Windsor House, the main shopping mall on Great George Street

Great George Street (Chinese: 記利佐治街) is a street in the busiest shopping area of Causeway Bay on Hong Kong Island in Hong Kong. It was in the area formerly known as East Point. Starting west at the great junction with East Point Road, Hennessy Road, Yee Wo Street, and also further junction with Jardine's Bazaar and Jardine's Crescent, the street runs east to the junction with Gloucester Road, leading from Exit E of MTR Causeway Bay Station to Victoria Park, crossing Paterson Street in the middle, forming a busy shopping street crowding with people in weekends and holidays, especially when events are held in Victoria Park. To alleviate the crowded situation, the street became pedestrian-orientated, either by converting to part-time pedestrian street or exercising traffic calming measure.

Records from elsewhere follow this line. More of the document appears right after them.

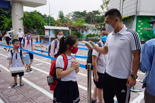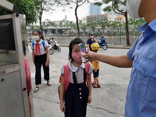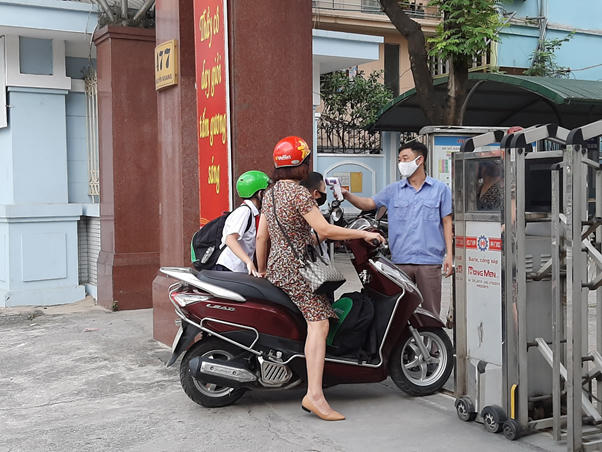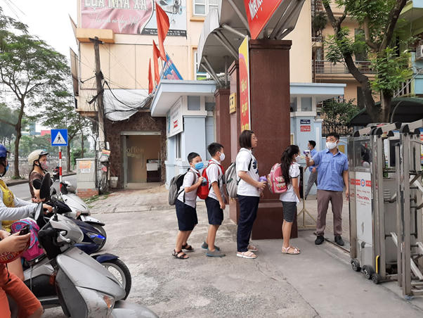 Trường tiểu học Quan Hoa ( Yên Hòa, Cầu Giấy) tiến hành đo thân nhiệt ngay tại cổng trường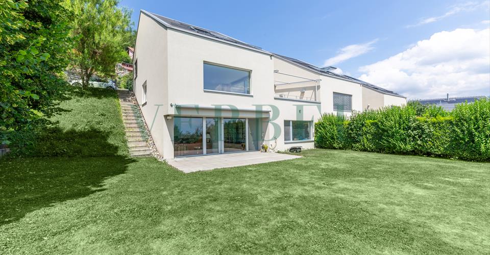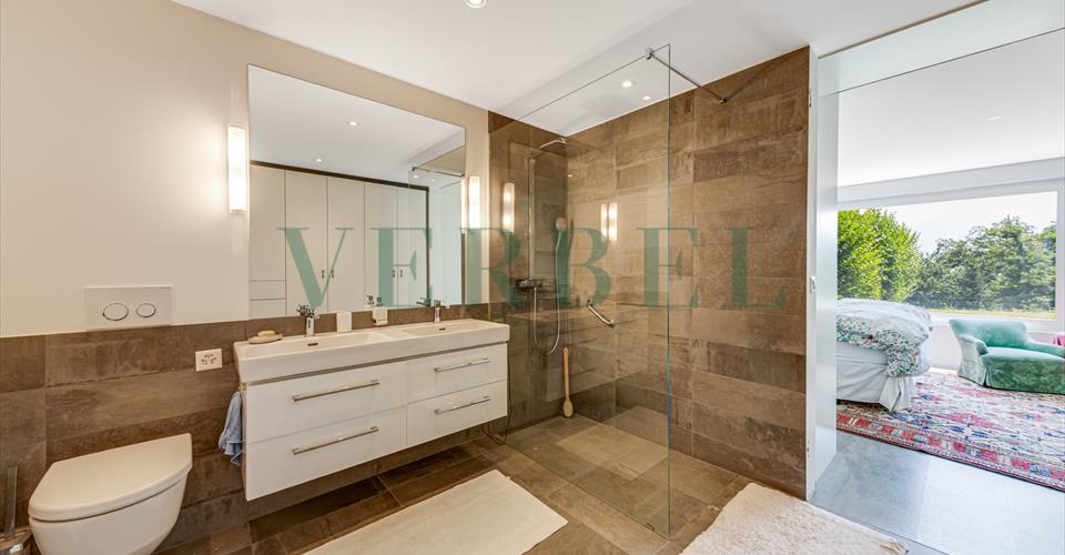 Située sur les hauteurs de Chardonne, cette magnifique villa contemporaine de 6 pièces offre environ 250 m² habitables répartis sur trois niveaux, tous desservis par un ascenseur privatif. Son agencement intérieur, à la fois lumineux, fonctionnel et confortable, a été soigneusement pensé. La propriété jouit d’une vue imprenable et dégagée sur le lac Léman et les Alpes. Le rez-de-chaussée se compose comme suit : – Garage box – Trois places de stationnement extérieures – Accès au jardin – Hall d’entrée – Chambre d’amis / bureau Le niveau inférieur, baigné de lumière et avec vue sur le lac, comprend : – Vaste espace de vie – Cuisine ouverte sur la salle à manger – Grand économat de 16 m² – Réduit avec lavabo et raccordements pour colonne de lavage – WC visiteurs – Grande terrasse de 26 m² Le rez-de-jardin accueille les espaces suivants : – Suite parentale avec dressing et salle de douche – Deux chambres à coucher – Salle de bains – Buanderie équipée – Local technique – Terrasse supplémentaire – Jardin Cette villa lumineuse, parfaitement entretenue et située dans un environnement paisible, est idéale pour une famille en quête d’espace et de qualité de vie. Proche des transports publics, elle permet un accès rapide à la ville de Vevey. Nous restons à votre disposition pour tout renseignement complémentaire ou pour organiser une visite à votre convenance. N’hésitez pas à nous contacter dès maintenant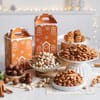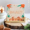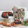 Bring home the warmth, colour, and charm of Christmas with this thoughtfully styled arrangement on an off-white tray. Fresh Cypress, Ming Fern, and Eucalyptus pair beautifully with Cotton Flowers, Gold Baubles, an Acrylic Snowflake Hanging, a White Christmas Tree Ornament, and a cheerful Happy Holidays Plaque. Complementing the greens are indulgent treats, a 350gms Plum Cake, a Gingerbread House pack with Masqa Salted Roasted Almonds and Masqa Pistachios, Atom Eatz Salted Pretzels, and TruTeen Protein Bites in Mixed Berries and Salted Caramel. A hidden Oasis Sheet keeps everything fresh, while a Burlap Snowman Ribbon adds a playful, festive finish, making it a memorable holiday gift. Product Dimensions: H - 20 inches x W - 28 inches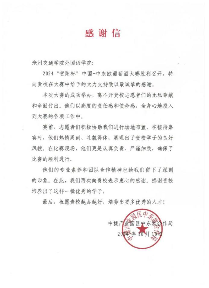会谈结束后,孔文文副局长代表中捷产业园区中东欧合作局向米乐官网外国语学院赠予感谢信。

Major buildings in the area include Sogo Causeway Bay, a Japanese-style department store, Island Beverley, a shopping centre, Hong Kong Mansion, a residential/commercial building with a shopping centre, Great George Building, once hosting Daimaru department store and now a shopping mall Fashion Walk, Pearl City Mansion, with a cinema MCL JP and supermarkets Wellcome and Don Don Donki, Parklane Hotel, with an IKEA store, Hang Lung Centre, a shopping centre, and Windsor House, a large multi-storey shopping mall with Grand Windsor Cinema.

==Name==
The street possibly got its name from a street with the same name, Great George Street, in Westminster of London. In 1750, this London street was built to connect Westminster Bridge and the west by demolishing buildings and streets in George Yard, which named after George Inn. Another source also attributed to the King George II of Great Britain, who reigned between 1683 and 1760. A side street, Little George Street, was built on the site of George Yard at the same time.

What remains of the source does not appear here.